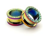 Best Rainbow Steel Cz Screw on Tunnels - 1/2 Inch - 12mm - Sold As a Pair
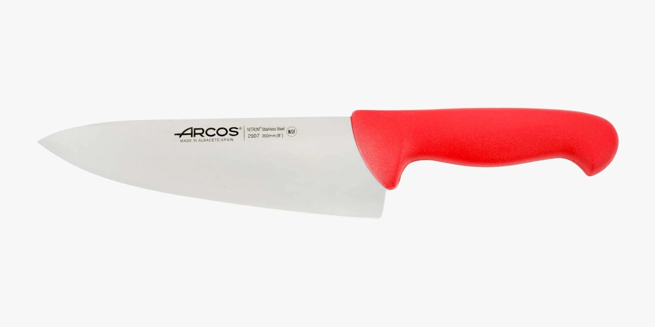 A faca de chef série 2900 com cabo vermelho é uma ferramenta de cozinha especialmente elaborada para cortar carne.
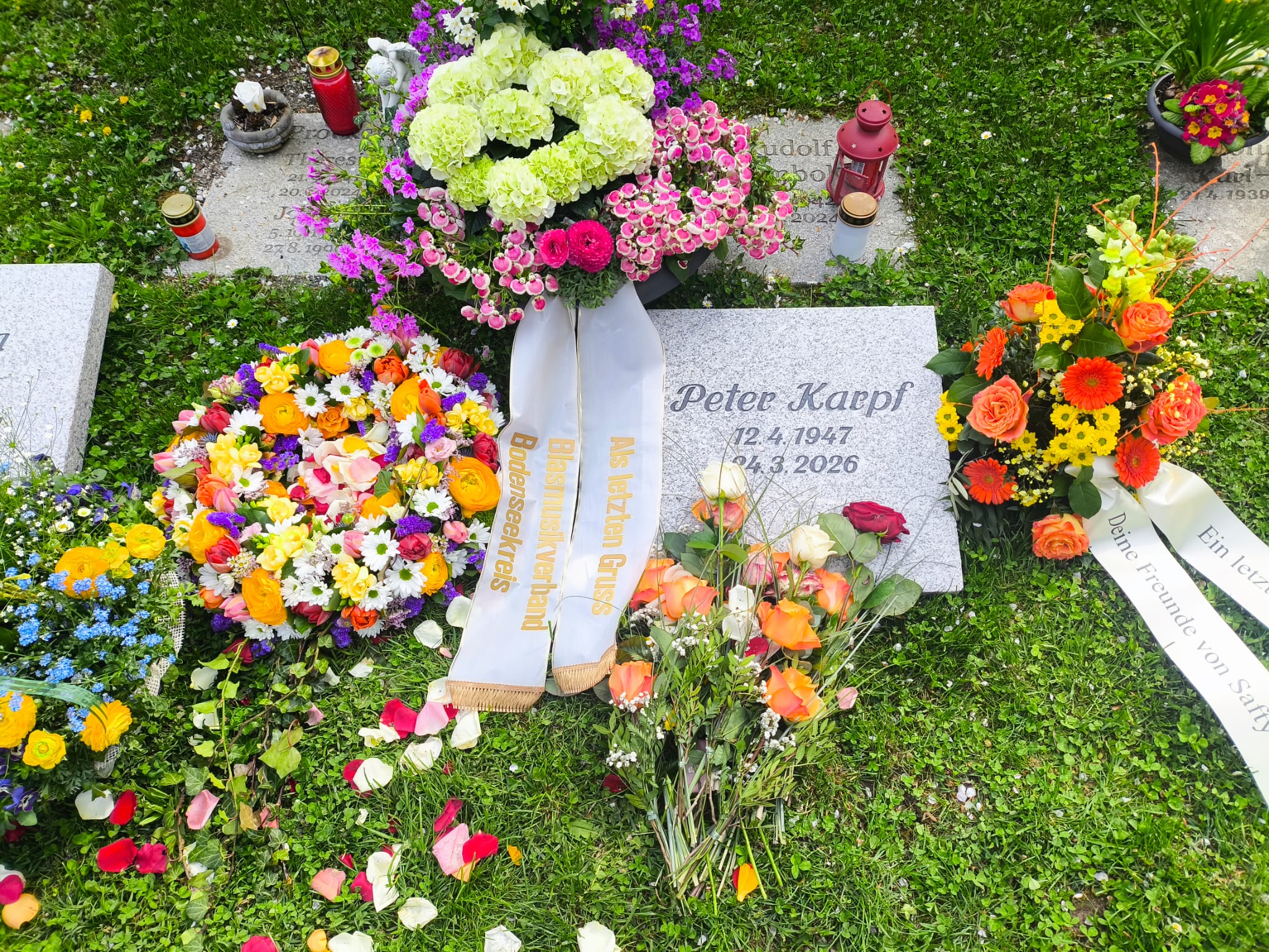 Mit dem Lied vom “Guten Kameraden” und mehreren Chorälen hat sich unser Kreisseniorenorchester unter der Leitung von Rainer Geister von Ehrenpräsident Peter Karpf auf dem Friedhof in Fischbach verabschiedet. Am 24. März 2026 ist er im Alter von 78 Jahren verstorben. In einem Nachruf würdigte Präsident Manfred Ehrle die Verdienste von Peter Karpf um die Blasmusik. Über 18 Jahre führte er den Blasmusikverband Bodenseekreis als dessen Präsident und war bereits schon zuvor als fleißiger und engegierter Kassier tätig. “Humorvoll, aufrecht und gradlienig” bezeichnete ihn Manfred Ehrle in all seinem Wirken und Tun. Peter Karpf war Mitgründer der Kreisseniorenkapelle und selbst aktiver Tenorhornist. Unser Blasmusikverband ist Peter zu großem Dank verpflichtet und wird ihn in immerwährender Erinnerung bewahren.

━━━━━━━━━━━━━━━━━━━━

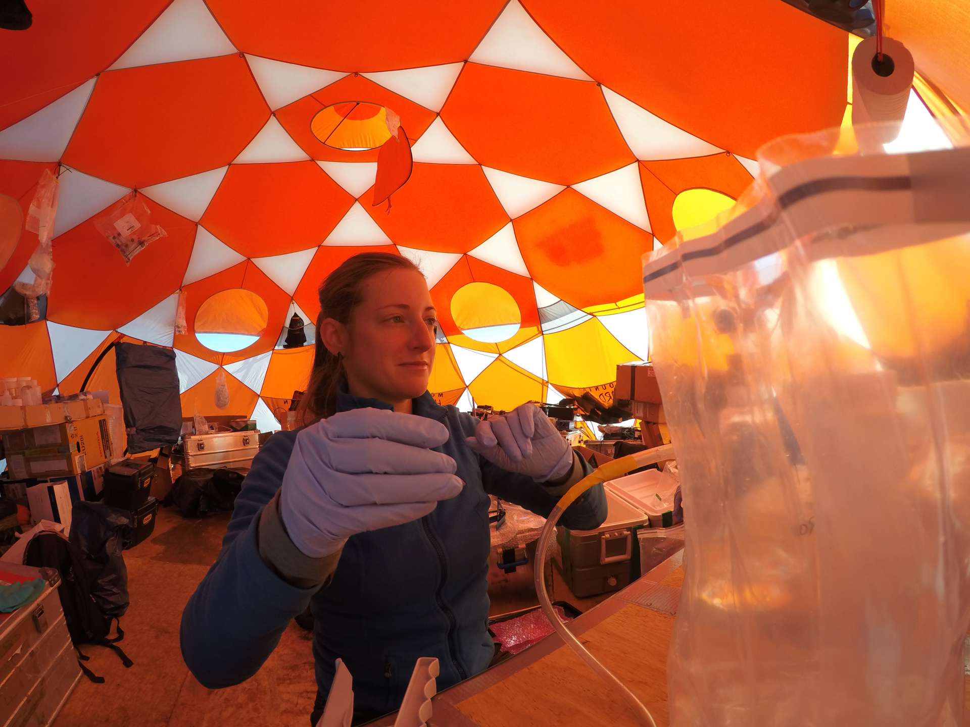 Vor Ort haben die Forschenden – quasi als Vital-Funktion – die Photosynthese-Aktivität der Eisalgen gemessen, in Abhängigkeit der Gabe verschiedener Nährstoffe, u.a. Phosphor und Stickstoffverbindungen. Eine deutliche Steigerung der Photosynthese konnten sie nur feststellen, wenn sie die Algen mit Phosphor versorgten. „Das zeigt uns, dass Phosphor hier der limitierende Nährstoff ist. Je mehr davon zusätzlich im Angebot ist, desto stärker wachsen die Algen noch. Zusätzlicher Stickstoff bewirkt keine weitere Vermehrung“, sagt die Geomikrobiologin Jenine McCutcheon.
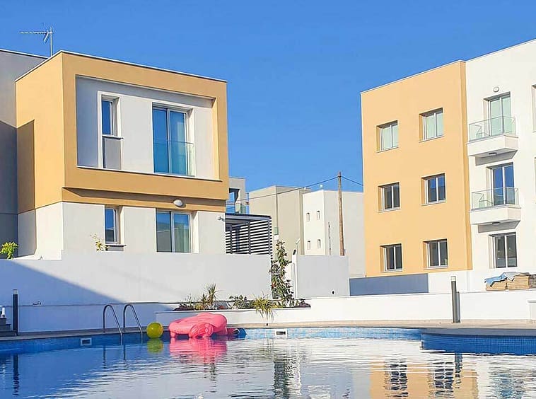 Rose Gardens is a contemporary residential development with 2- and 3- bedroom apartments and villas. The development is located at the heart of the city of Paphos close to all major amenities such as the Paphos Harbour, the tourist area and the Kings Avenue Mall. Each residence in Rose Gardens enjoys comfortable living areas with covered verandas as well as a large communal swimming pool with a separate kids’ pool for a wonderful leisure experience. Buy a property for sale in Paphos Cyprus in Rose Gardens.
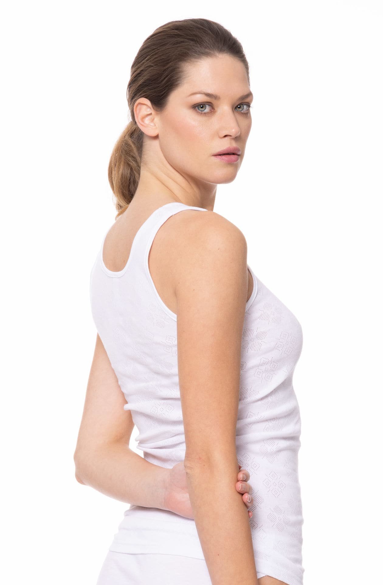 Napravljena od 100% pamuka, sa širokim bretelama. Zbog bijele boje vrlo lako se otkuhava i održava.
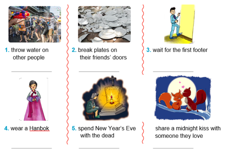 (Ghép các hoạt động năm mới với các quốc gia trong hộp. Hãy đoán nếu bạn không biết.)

━━━━━━━━━━━━━━━━━━━━

▶ TASK ITEM
"Napravljena od 100%" marks the first line to copy, and "(Ghép các hoạt" marks the last. Repeat that stretch above exactly, with no pictures.

▶ FINISHED EXERCISE
 Napravljena od 100% pamuka, sa širokim bretelama. Zbog bijele boje vrlo lako se otkuhava i održava.
 (Ghép các hoạt động năm mới với các quốc gia trong hộp. Hãy đoán nếu bạn không biết.)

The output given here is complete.